▶ Prompt:
Among the entries below, only the lines from the one with "Ляган Риштанская Керамика" through the one with "Cor: Espelhado |" are to be retyped, exactly and without pictures.

▶ Exercise inputs:
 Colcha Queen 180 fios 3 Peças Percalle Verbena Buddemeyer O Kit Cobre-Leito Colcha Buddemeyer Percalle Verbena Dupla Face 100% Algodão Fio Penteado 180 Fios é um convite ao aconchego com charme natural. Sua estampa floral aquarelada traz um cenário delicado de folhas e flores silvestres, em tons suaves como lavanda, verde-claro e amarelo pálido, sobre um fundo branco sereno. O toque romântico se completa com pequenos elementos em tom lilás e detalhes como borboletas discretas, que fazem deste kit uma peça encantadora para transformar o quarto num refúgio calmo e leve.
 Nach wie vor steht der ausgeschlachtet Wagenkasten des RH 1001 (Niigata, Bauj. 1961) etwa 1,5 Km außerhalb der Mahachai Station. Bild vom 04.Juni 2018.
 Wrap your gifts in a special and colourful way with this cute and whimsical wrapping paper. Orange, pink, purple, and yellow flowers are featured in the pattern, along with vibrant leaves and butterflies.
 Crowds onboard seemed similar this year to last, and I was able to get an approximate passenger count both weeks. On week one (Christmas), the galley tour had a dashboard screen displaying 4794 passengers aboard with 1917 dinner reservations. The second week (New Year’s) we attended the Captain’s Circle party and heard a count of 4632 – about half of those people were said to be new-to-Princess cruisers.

...

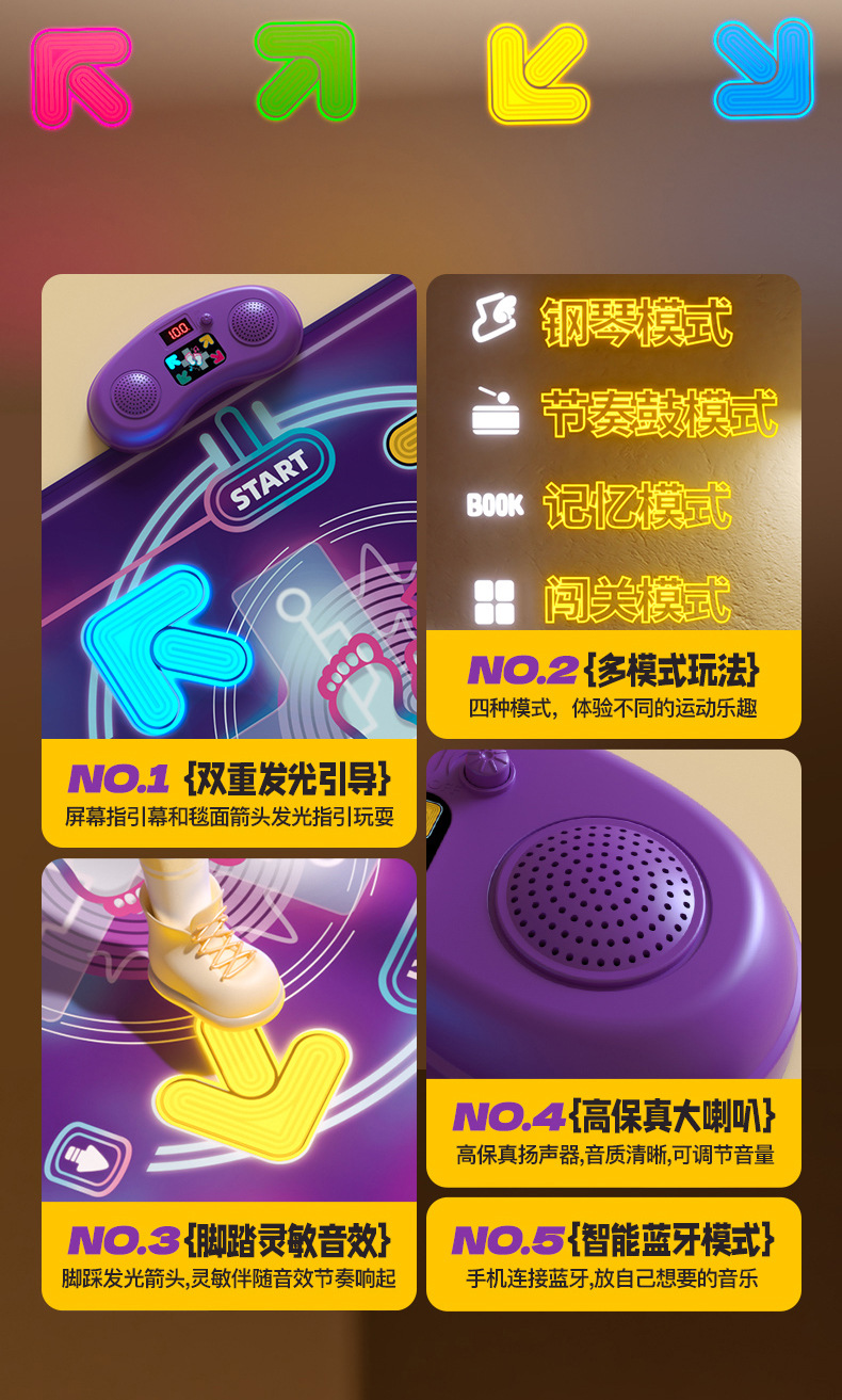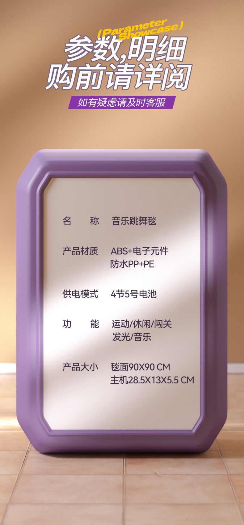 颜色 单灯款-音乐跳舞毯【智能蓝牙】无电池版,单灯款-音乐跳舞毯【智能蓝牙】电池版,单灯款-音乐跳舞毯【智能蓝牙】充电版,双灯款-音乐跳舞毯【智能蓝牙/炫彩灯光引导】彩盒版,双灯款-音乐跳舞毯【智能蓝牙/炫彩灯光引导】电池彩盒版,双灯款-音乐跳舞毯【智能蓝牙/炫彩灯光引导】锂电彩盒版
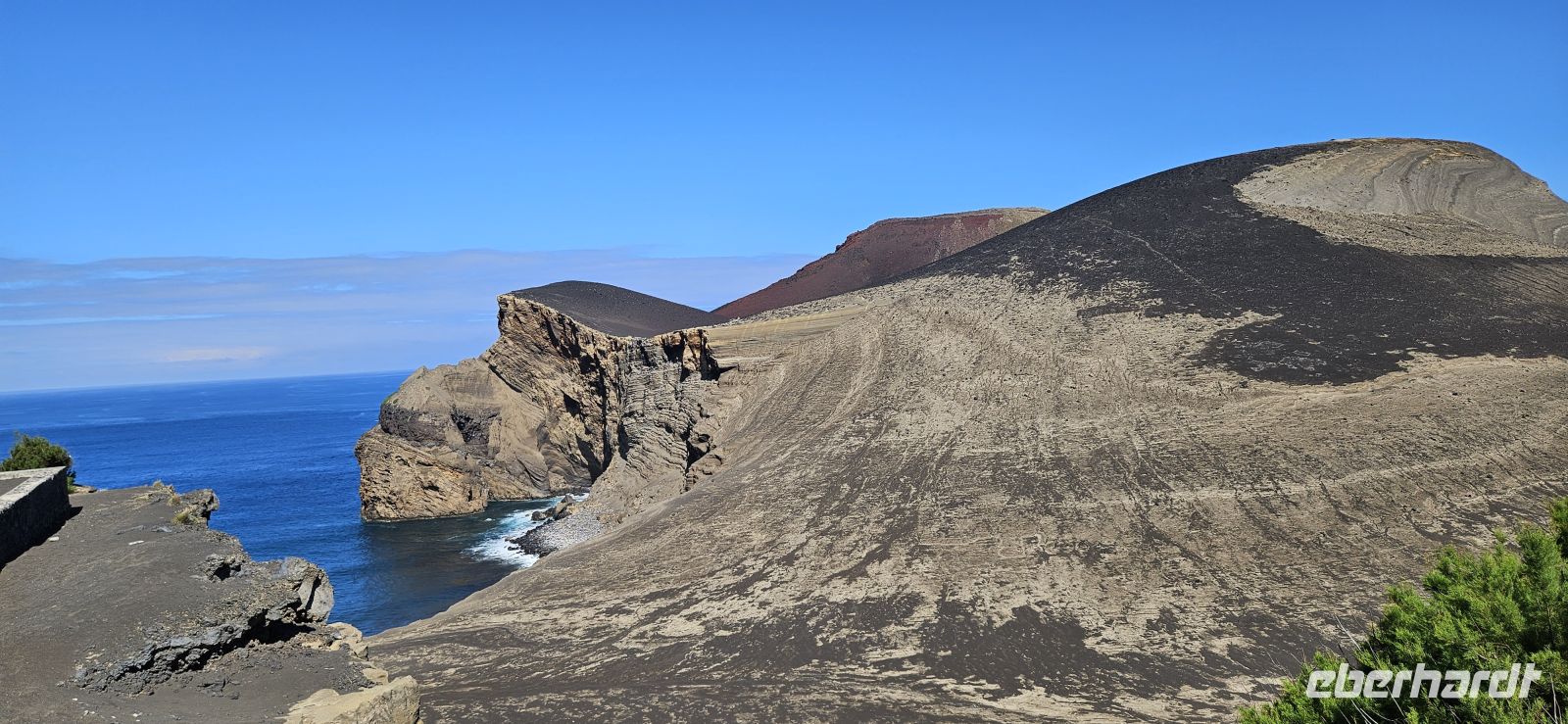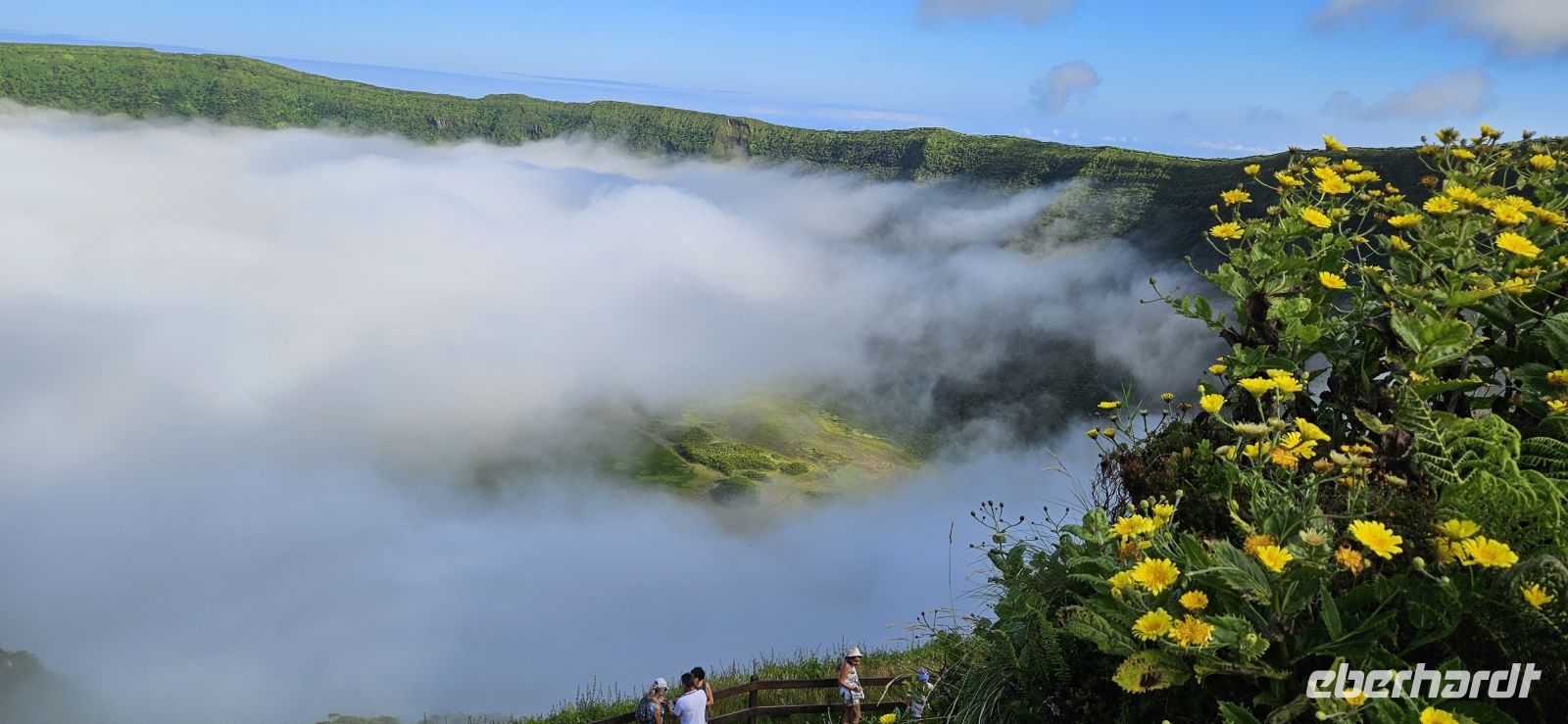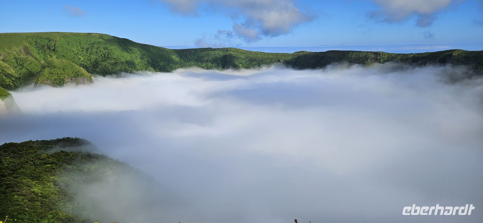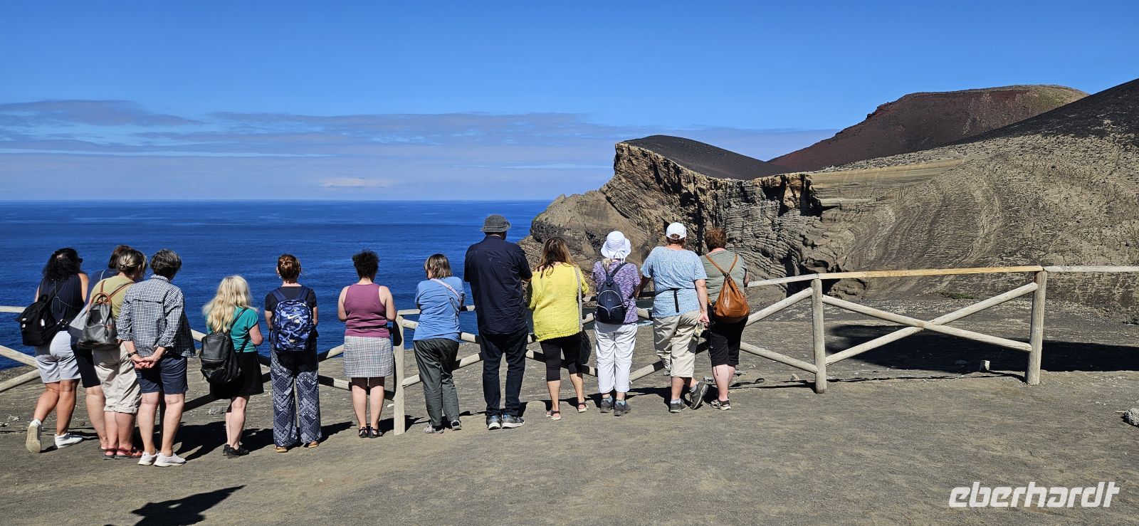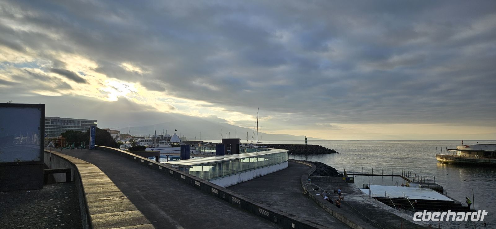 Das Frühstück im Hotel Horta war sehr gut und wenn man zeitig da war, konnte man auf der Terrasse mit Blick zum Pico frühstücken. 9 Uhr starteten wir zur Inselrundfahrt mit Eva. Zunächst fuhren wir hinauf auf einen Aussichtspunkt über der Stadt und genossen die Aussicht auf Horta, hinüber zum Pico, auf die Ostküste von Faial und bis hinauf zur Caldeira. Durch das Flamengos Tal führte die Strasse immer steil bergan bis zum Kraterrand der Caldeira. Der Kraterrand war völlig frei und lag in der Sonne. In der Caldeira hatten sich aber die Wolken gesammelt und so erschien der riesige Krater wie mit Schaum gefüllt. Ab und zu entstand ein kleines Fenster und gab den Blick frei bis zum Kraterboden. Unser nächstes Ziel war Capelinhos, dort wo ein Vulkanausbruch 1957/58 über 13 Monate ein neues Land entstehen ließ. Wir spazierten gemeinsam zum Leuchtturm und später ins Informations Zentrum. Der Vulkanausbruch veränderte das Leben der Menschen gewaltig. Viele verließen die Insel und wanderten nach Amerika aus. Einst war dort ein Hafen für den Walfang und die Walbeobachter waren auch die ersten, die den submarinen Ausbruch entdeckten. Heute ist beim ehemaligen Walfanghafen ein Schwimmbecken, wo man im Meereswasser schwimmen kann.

--

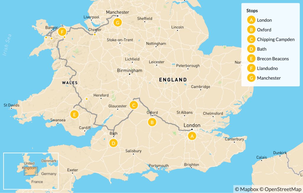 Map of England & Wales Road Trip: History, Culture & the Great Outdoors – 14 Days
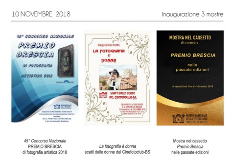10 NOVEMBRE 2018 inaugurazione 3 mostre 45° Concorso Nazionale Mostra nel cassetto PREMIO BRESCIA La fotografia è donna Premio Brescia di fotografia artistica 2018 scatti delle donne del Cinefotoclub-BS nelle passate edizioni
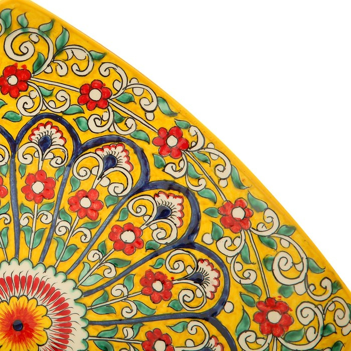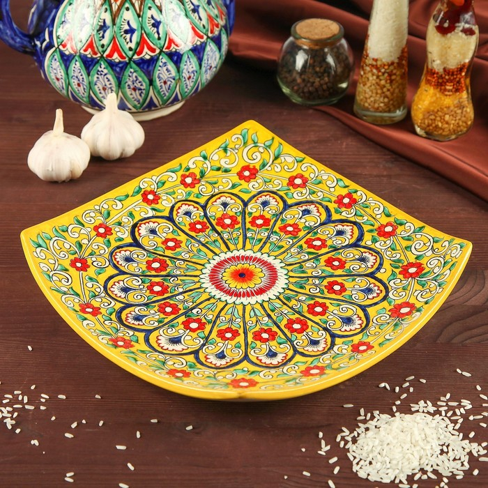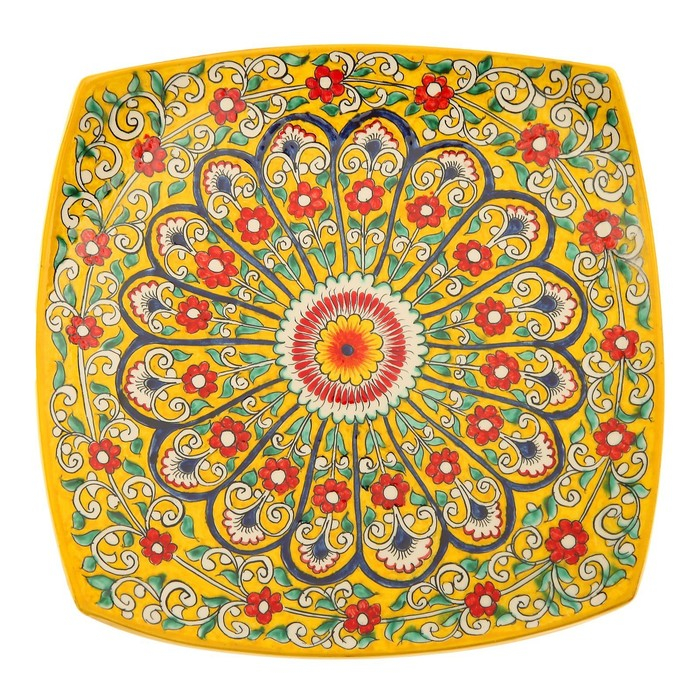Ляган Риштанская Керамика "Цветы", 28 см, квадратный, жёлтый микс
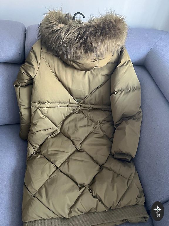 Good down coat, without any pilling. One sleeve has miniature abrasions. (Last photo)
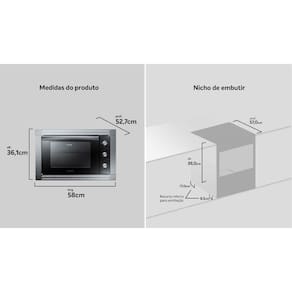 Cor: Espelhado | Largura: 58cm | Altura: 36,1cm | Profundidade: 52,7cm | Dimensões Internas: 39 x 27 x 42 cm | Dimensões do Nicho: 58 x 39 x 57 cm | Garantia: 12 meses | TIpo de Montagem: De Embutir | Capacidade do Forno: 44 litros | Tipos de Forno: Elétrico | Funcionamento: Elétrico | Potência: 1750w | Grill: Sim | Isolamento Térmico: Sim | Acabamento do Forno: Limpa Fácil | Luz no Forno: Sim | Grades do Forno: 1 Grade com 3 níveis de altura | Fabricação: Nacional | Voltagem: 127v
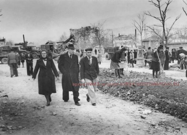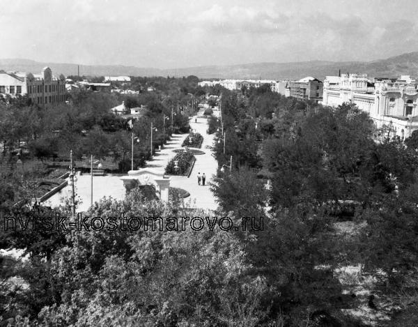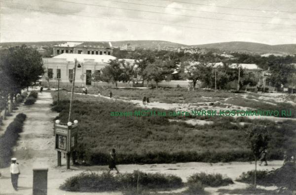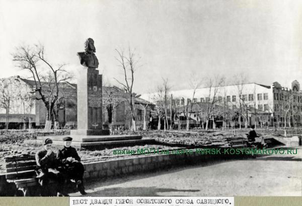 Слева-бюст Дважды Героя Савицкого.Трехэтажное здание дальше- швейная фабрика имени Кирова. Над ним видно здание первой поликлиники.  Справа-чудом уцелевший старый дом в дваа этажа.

▶ Task output:
Ляган Риштанская Керамика "Цветы", 28 см, квадратный, жёлтый микс
 Good down coat, without any pilling. One sleeve has miniature abrasions. (Last photo)
 Cor: Espelhado | Largura: 58cm | Altura: 36,1cm | Profundidade: 52,7cm | Dimensões Internas: 39 x 27 x 42 cm | Dimensões do Nicho: 58 x 39 x 57 cm | Garantia: 12 meses | TIpo de Montagem: De Embutir | Capacidade do Forno: 44 litros | Tipos de Forno: Elétrico | Funcionamento: Elétrico | Potência: 1750w | Grill: Sim | Isolamento Térmico: Sim | Acabamento do Forno: Limpa Fácil | Luz no Forno: Sim | Grades do Forno: 1 Grade com 3 níveis de altura | Fabricação: Nacional | Voltagem: 127v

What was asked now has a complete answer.